Five randomized trials from the United States (62-66) have shown an overall survival advantage for cisplatin-based therapy given con­currently with radiation therapy. The patient populations in these studies included women with FIGO stages IB2-IVA cervical cancer treated with primary radiation therapy and women with FIGO stages I-IIA disease found to have poor prognostic factors (metastatic dis­ease in pelvic lymph nodes, parametrial disease, or positive surgical margins) at the time of primary surgery. Although the trials vary somewhat in terms of stage of disease, dose of radiation, and schedule of cisplatin and radiation, they all demonstrate significant survival benefit for this combined approach, the risk of death from cervical cancer being decreased by 30%. These trials reported higher rates of short- and medium-term complications with chemoradiation, and although longer follow-up is required to examine the true morbidity of this treatment regimen, there is now international acceptance that chemoradiation is superior to radiation alone.

Recurrent cancer

Treatment for recurrent cervical cancer depends on the mode of primary therapy and the site of recurrence. Women who have had initial treatment by surgery should be considered for radiotherapy, and those who have had radiotherapy should be considered for exenterative surgery, provided the recurrence is central and there is no evidence of distant recurrence. These women require very careful preoperative assessment and counselling in order to under­stand the consequences of defunctioning surgery. Exenterative sur­gery in carefully selected cases can result in 5-year survival rates of 50%. Positive nodes at the time of attempted salvage surgery and positive resection margins are associated with a poor prognosis. Anterior exenteration requires excision of the bladder and most of the vagina en bloc with the recurrence, and posterior exenteration requires excision of the sigmoid rectum with formation of a colos­tomy. Sometimes a combination of the two is required. This type of surgery should only be undertaken by teams of highly skilled pelvic surgeons. Relapse within 2 years of primary treatment, the presence of hydronephrosis, and symptoms of pain are all associated with poorer outcomes in terms of exenterative surgery.
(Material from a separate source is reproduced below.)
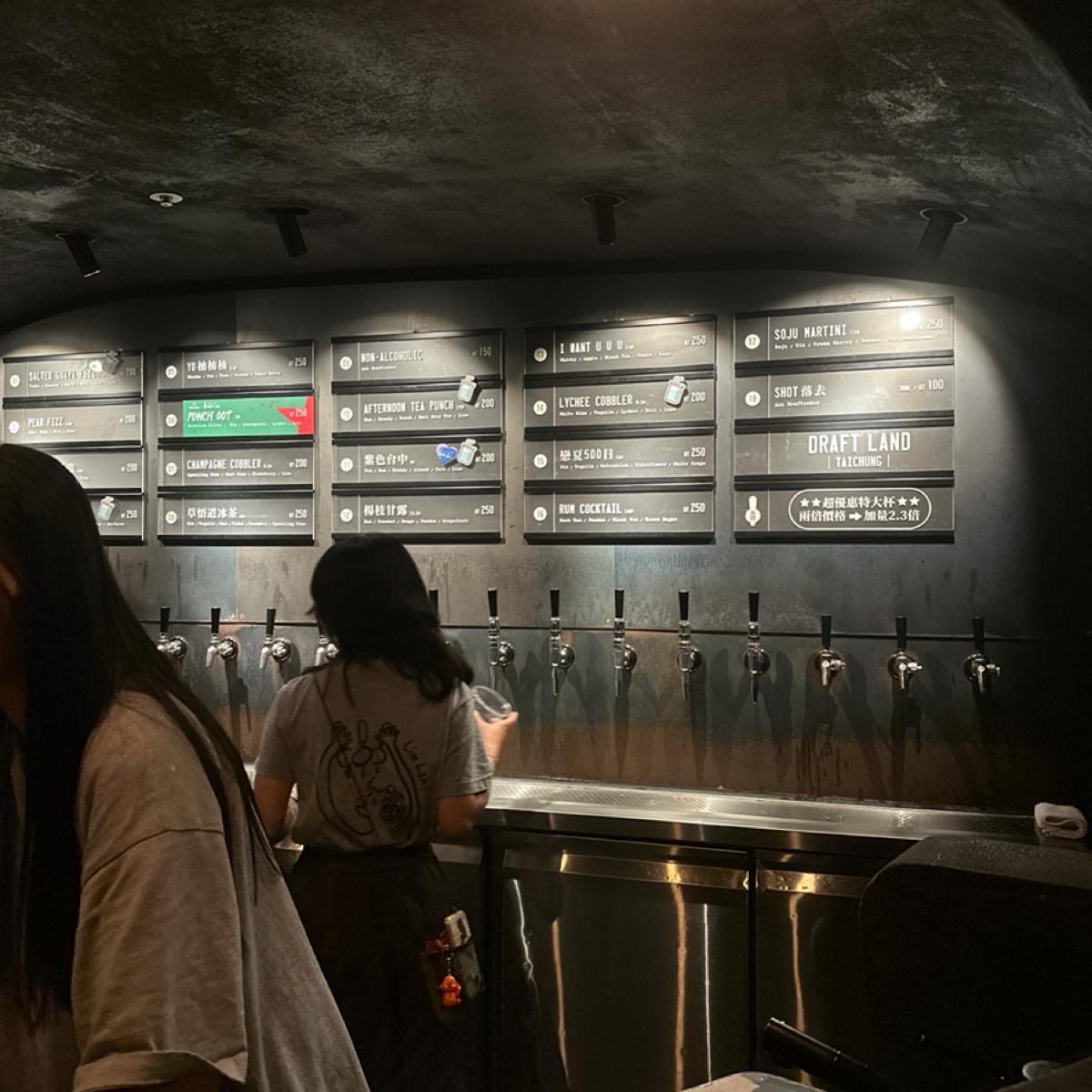 Draft Land 是亞洲第一間汲飲式雞尾酒酒吧,推開不起眼的木門,映入眼簾的是洞穴風格的裝潢,店內座位不多,許多人都是買去草悟廣場享用。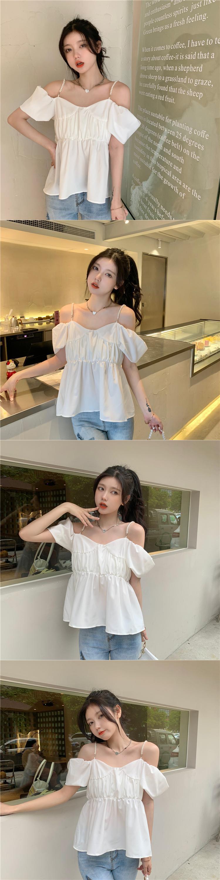 パールシャツ トップス サマールーズ薄手ショートレディース 大人ガーリー スウィート キュート カジュアル 夏物 真珠 クレセントシティ33718233205

Palliation of progressive cervical cancer

Chemotherapy is palliative and should be reserved for patients who are not considered curable by the other two treatment modalities. Urinary tract symptoms are particularly common in advanced cervical disease. Ureteric obstruction with subsequent pain, infec­tion, and ultimately impaired renal function are common features.

In progressive late-s tage disease, there is usually ureteric ob­struction, which heralds a terminal phase. Pain can be particularly distressing due to infiltration of the lumbosacral nerve plexuses. Meticulous attention to pain control and psychological and emo­tional support are essential.